• [WHAT YOU HAVE TO DO]:
Locate every line in the records below that holds the word "This" and return each one.

• [DATASET EXTRACT]:
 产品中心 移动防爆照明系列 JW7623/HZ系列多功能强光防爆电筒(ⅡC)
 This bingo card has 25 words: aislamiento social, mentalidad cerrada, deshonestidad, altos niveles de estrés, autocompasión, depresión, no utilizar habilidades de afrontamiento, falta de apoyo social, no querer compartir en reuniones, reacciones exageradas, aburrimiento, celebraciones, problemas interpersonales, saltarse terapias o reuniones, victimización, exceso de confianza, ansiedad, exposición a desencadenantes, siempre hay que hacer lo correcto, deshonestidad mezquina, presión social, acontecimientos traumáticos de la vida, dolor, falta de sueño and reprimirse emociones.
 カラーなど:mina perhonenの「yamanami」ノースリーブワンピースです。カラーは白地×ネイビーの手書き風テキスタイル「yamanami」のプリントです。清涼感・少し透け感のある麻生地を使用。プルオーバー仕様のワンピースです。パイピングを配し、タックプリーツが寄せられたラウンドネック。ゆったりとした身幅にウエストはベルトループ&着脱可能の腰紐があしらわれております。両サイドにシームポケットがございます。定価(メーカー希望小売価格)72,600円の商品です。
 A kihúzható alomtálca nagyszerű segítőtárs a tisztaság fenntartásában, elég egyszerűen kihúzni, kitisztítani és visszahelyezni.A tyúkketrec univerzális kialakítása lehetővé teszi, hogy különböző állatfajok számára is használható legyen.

* * *

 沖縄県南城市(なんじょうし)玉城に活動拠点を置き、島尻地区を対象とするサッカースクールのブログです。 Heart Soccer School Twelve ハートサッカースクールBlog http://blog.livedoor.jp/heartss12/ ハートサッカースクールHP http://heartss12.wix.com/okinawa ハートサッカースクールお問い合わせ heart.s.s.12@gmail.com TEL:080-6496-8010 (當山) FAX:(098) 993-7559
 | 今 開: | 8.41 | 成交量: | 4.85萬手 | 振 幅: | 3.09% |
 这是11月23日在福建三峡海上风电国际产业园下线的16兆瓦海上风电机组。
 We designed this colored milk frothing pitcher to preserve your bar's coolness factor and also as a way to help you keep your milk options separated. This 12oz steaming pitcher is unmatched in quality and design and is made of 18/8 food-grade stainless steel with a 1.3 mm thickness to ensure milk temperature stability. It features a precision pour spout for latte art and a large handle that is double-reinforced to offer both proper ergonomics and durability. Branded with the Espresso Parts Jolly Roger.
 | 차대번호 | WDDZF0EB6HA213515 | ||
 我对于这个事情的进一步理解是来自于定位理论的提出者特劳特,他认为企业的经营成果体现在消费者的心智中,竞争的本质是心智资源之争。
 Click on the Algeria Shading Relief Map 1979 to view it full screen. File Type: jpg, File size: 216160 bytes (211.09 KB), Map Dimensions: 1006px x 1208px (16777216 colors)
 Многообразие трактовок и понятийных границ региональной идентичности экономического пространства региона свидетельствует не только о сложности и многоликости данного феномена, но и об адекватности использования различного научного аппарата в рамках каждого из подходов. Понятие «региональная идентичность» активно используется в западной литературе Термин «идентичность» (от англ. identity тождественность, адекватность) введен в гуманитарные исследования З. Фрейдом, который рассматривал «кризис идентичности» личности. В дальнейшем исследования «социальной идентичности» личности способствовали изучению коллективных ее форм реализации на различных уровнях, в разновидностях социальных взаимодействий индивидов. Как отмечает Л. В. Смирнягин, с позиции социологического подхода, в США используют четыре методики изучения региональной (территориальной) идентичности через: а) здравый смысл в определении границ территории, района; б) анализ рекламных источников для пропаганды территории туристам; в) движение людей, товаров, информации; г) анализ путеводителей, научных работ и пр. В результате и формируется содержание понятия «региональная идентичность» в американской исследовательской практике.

...

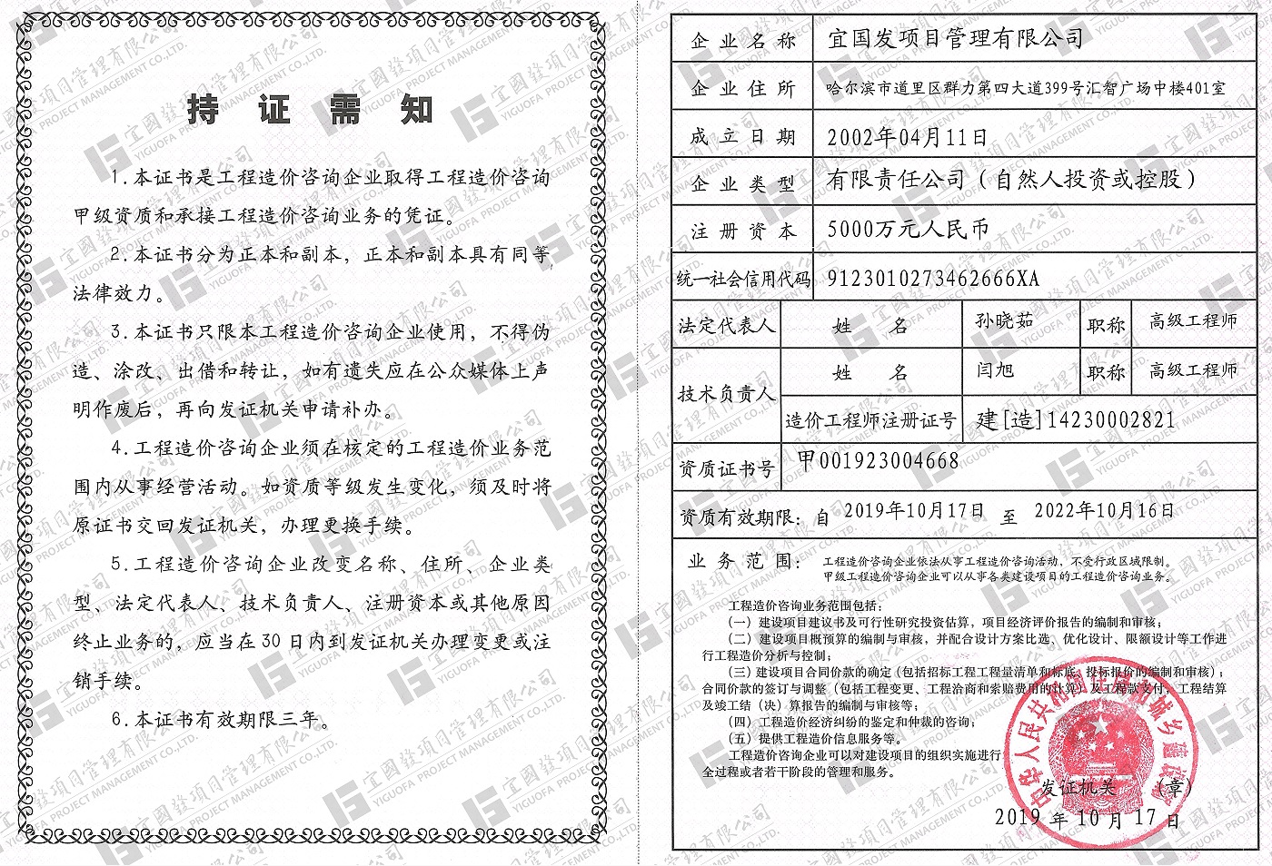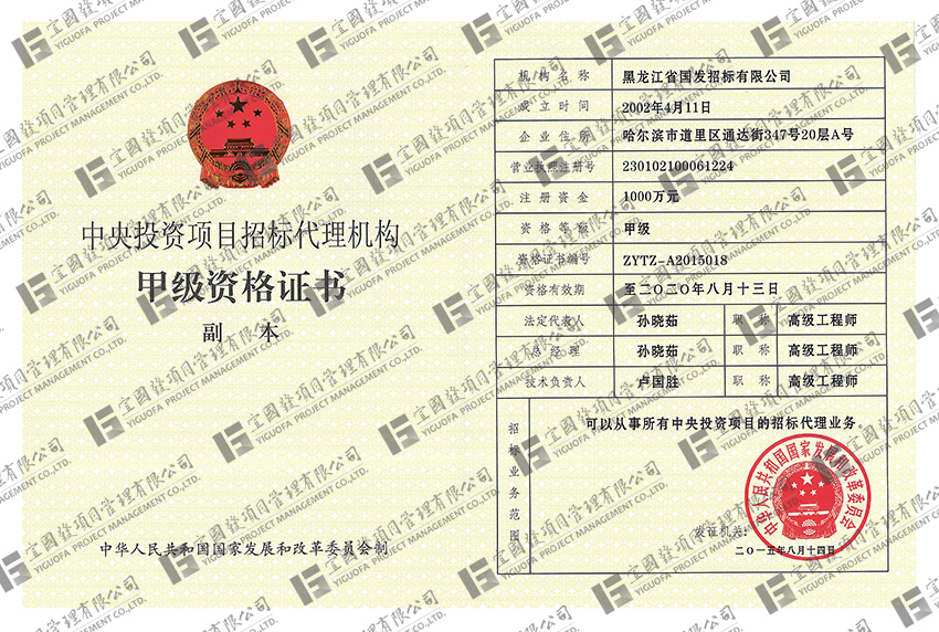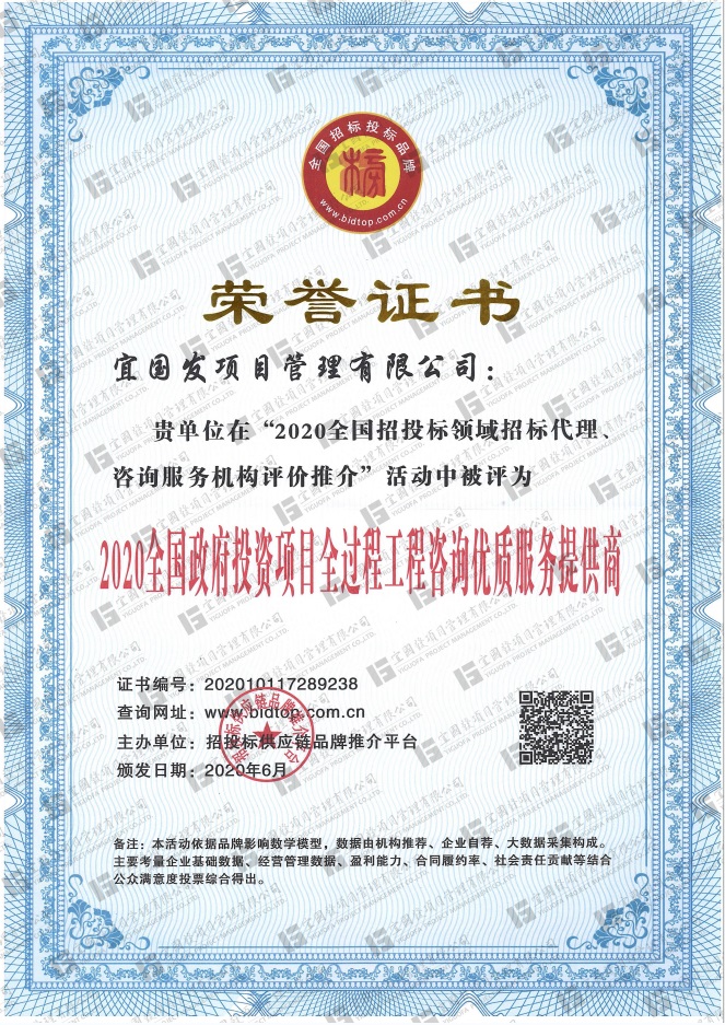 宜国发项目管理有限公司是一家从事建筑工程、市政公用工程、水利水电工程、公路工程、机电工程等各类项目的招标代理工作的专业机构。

• [RESPONSE TO THE TASK]:
 This bingo card has 25 words: aislamiento social, mentalidad cerrada, deshonestidad, altos niveles de estrés, autocompasión, depresión, no utilizar habilidades de afrontamiento, falta de apoyo social, no querer compartir en reuniones, reacciones exageradas, aburrimiento, celebraciones, problemas interpersonales, saltarse terapias o reuniones, victimización, exceso de confianza, ansiedad, exposición a desencadenantes, siempre hay que hacer lo correcto, deshonestidad mezquina, presión social, acontecimientos traumáticos de la vida, dolor, falta de sueño and reprimirse emociones.
 We designed this colored milk frothing pitcher to preserve your bar's coolness factor and also as a way to help you keep your milk options separated. This 12oz steaming pitcher is unmatched in quality and design and is made of 18/8 food-grade stainless steel with a 1.3 mm thickness to ensure milk temperature stability. It features a precision pour spout for latte art and a large handle that is double-reinforced to offer both proper ergonomics and durability. Branded with the Espresso Parts Jolly Roger.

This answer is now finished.